BEGIN AVAILABLE DATA

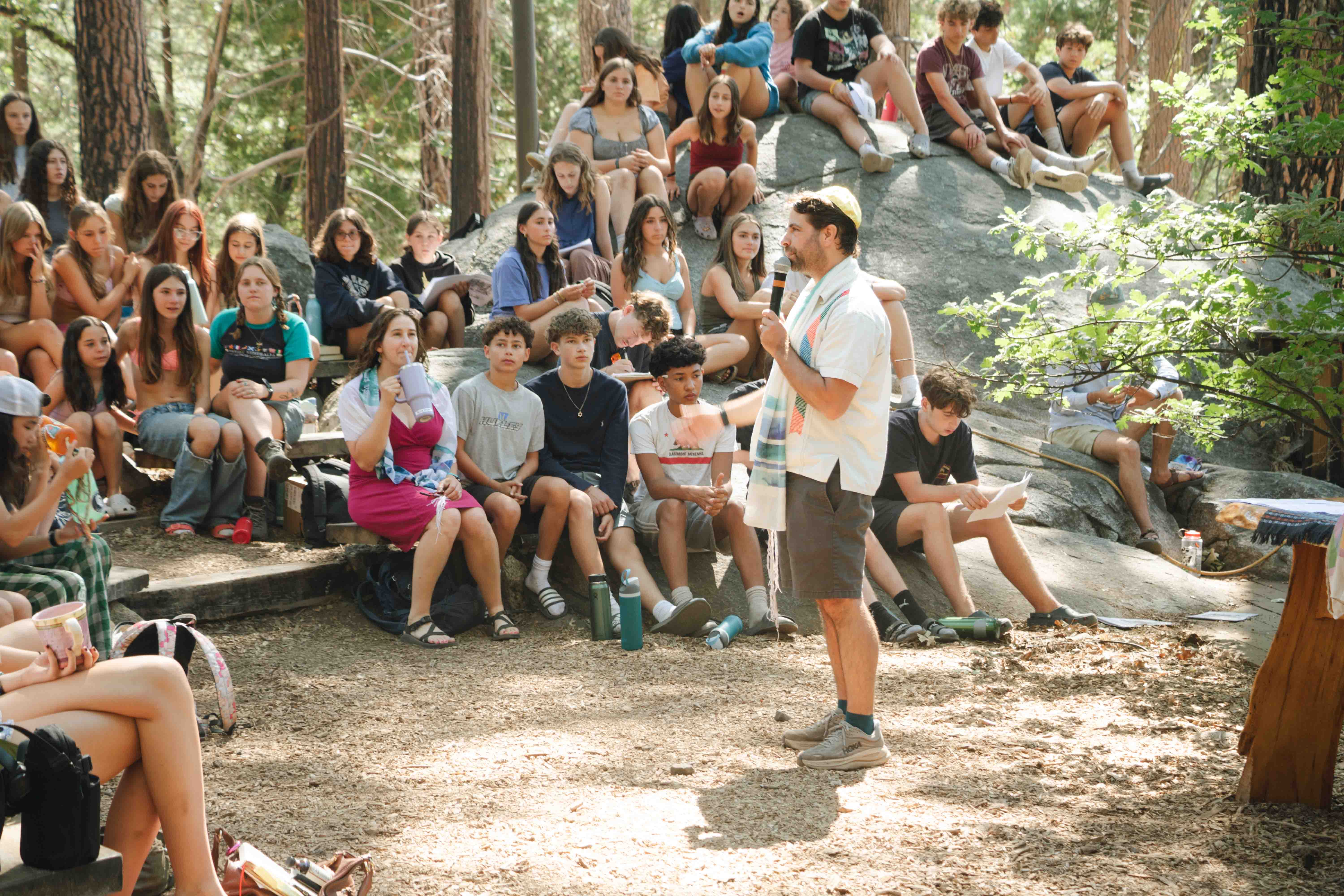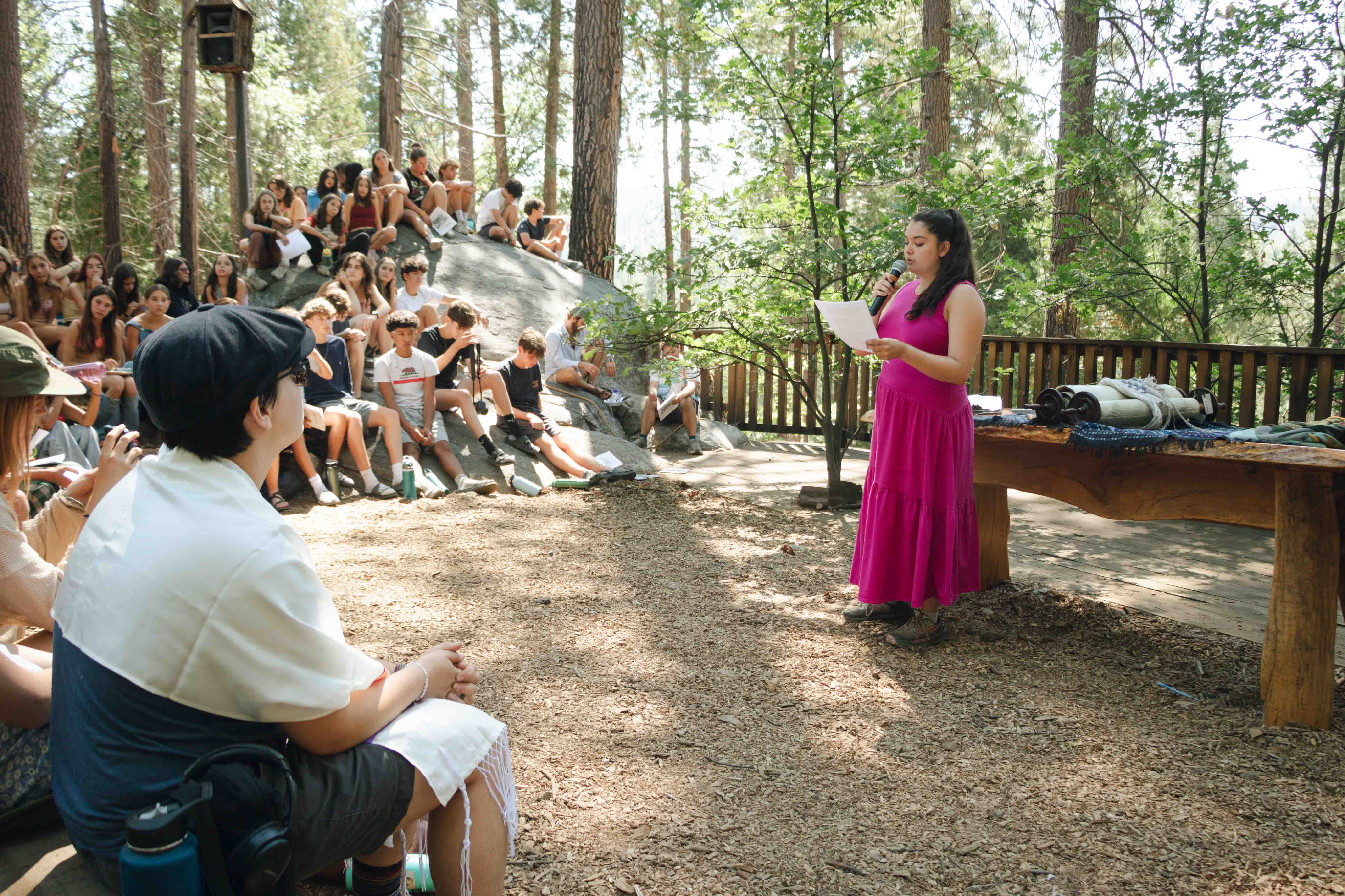 Saturday morning brought one of the most beautiful and peaceful moments of the session: Torah services at Makom Shalom, our outdoor sanctuary nestled in the forest. The tall trees and dappled light provided the perfect backdrop for spiritual connection and reflection.
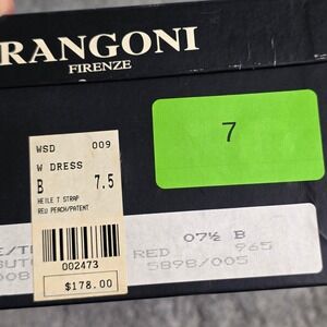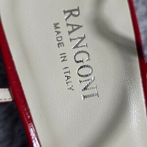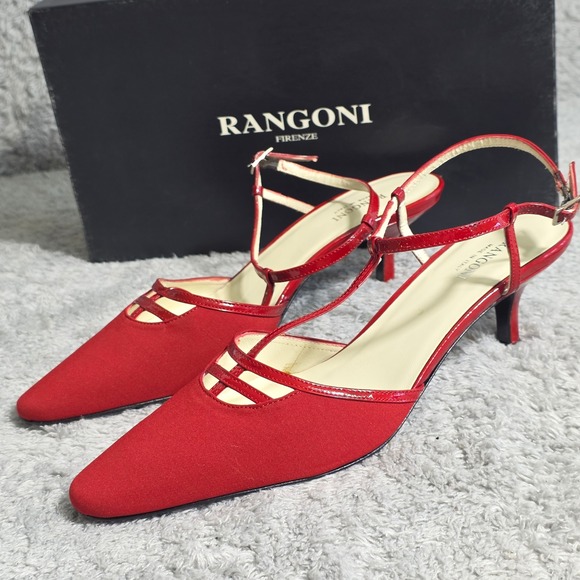 Keywords: Rangoni Firenze, Red heels, T strap heels, Pointed toe shoes, Patent leather, Made in Italy, Designer heels, Dress shoes, Evening wear, Special occasion, Classic heels, Retro style, Leather heels, Red dress shoes, Womens heels
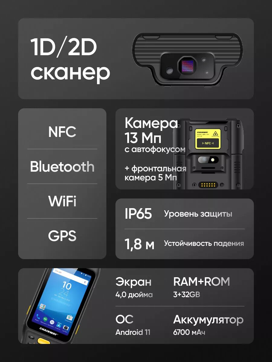 Терминал сбора данных CHAINWAY C61, 37 клавиш: сравнение цен, характеристики, фото, актуальное наличие и цены.
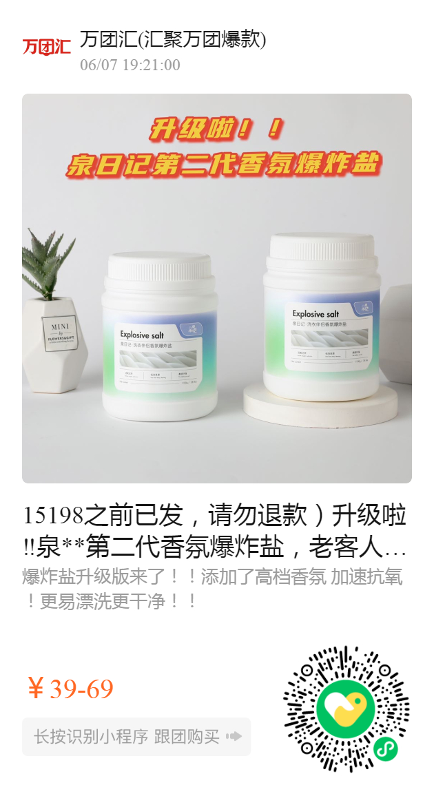 15198之前已发,请勿退款)升级啦‼️泉**第二代香氛爆炸盐,老客人疯狂回购的洗衣神器!泉**洗衣伴侣泡洗爆炸盐391桶692桶,一桶一公斤,两桶2公斤,更划算!德国技术✅过氧碳酸盐活氧还原//无需挫洗🧼泡一泡污渍去无踪❣️还原衣物艳丽清香~好用到💥爆炸,怎么好用看图!

END AVAILABLE DATA

* EXERCISE DETAILS *
Omitting all pictures, restate word for word the lines from the one containing "Терминал сбора данных" through the last line of the data.

* SOLVED PROBLEM *
 Терминал сбора данных CHAINWAY C61, 37 клавиш: сравнение цен, характеристики, фото, актуальное наличие и цены.
 15198之前已发,请勿退款)升级啦‼️泉**第二代香氛爆炸盐,老客人疯狂回购的洗衣神器!泉**洗衣伴侣泡洗爆炸盐391桶692桶,一桶一公斤,两桶2公斤,更划算!德国技术✅过氧碳酸盐活氧还原//无需挫洗🧼泡一泡污渍去无踪❣️还原衣物艳丽清香~好用到💥爆炸,怎么好用看图!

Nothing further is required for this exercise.